Things and phenomena have always existed and only the way of looking at them, interpreting and understanding them is changing, according to the endless succession of the evolution of human thought.
The human being biologically destroys himself when he dies and his death is part of an evolutionary cycle, of multiple and varied vital transformations, with loss of form and transformation of energy.
There are scientific correspondents who touch upon the delicate subject of death:
We are made of the same matter as the stars, as the astronomer Harlow Shapley pointed out in 1929, in his article called ‘The stellar matter that man is’, published in the New York Times: ‘We are made of the same matter as the stars. So, when we study astronomy, we are somehow investigating our remote ancestry and our place in the Universe of stellar matter. Our own bodies are made up of the same chemical elements found in the most distant nebulae, and our activities are guided by the same universal rules.’

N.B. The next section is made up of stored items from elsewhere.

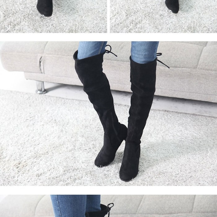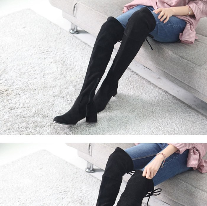 商品名:ロングブーツ レディース ニーハイブーツ ミドルヒール チャンキーヒール 太ヒール 2017 秋 冬 ファッション 靴 婦人靴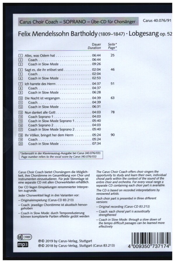Carus Choir Coach Originaleinspielung Coach mit Klavierbegleitung (und Originaleinspielung im Hintergrund) Coach in Slow Mode (Temporeduzierung)
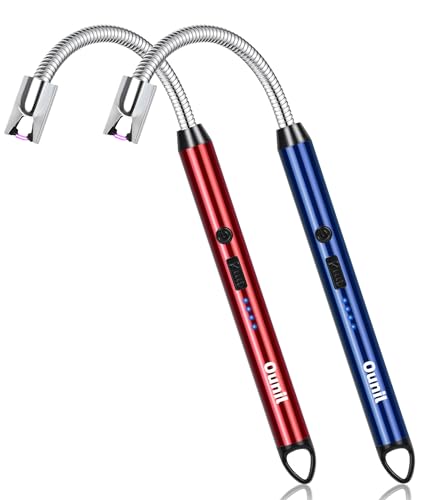ounil - ولاعة شموع كهربائية قابلة لإعادة الشحن بمنفذ USB نوع سي مقاومة للرياح بدون لهب وشاشة ليد مناسبة للشموع الخفيفة والألعاب النارية والشواء والتخييم من اونيل، 2 قطعة (عنق مرن 360° أزرق/أحمر)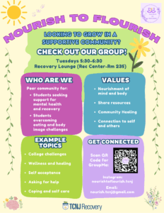 Schedule a session with a Certified Peer Recovery Specialist (CPRS), also known as a Recovery Coach! These trained students and staff members will “meet you where you are at” in your recovery journey and provide personal experience, feedback, and encouragement to help you make and meet self-directed goals. Please reach out to Eric Van Eck at vaneck3@tcnj.edu to learn more.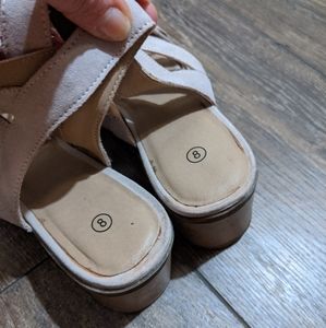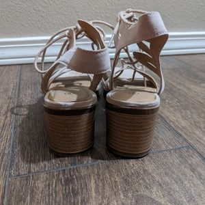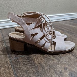 Nude tan suede lace up chunky block cage heels 8 EUC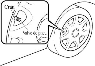Aligner le cran de l'enjoliveur avec la tige de soupape d'air, lors de son installation.

Rather than preoccupy my study with my inevitability, I have selected instead to focus upon the present only (from which by the way I as well exclude the past). Though I know this sounds an unimaginative intention, I believe I can say with certitude that the advance into old age can sometimes feel like stepping onto the stage of a play already in progress – and soon to reach its final curtain.
Removing oneself from this parallel is the easiest and only way I know of escaping the so-called existential dilemma surrounding death. It is besides in correspondence with another practical omission – that is, fretting about the future generally (another of life’s diminishing roles should one choose to adopt it).

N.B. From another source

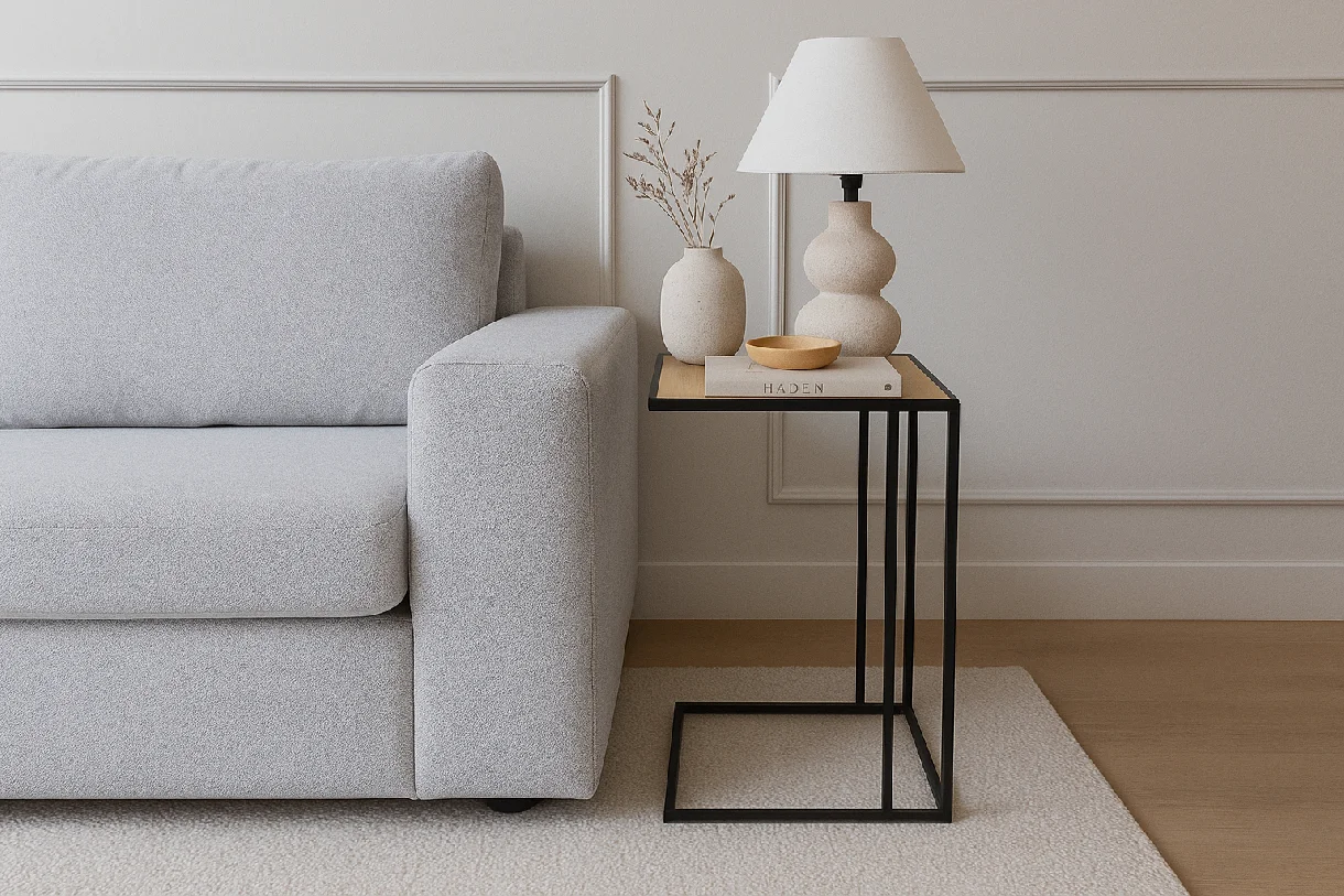 Konferenční stolek s minimalistickým designem. Stolová deska v dekoru přírodního dřeva dodává teplý vzhled. Stabilní kovová konstrukce v černém provedení. Praktický tvar umožňuje snadné zasunutí k sedačce či křeslu. Kombinace jednoduchosti, funkčnosti a elegantního stylu

Existential crises are inner conflicts characterized by the impression that life lacks meaning and confusion about one’s personal identity. They are accompanied by anxiety and stress, often to such a degree that they disturb one’s normal functioning in everyday life and lead to depression. Their negative attitude towards meaning reflects characteristics of the philosophical movement of existentialism. The components of existential crises can be divided into emotional, cognitive, and behavioral aspects. Emotional components refer to the feelings, such as emotional pain, despair, helplessness, guilt, anxiety, or loneliness. Cognitive components encompass the problem of meaninglessness, the loss of personal values or spiritual faith, and thinking about death. Behavioral components include addictions, and anti-social and compulsive behaviour.
Thus denuded of my existential crises I am free once again to pursue my daily enterprise of wonder – not the least of which earlier today (as I sat on the balcony in the early morning sunshine) was the composition and facility of fly as it alighted nearby. However is the creature created? What governs the skilful construction and management of its wings? And, is not everything else that surrounds me similarly wondrous?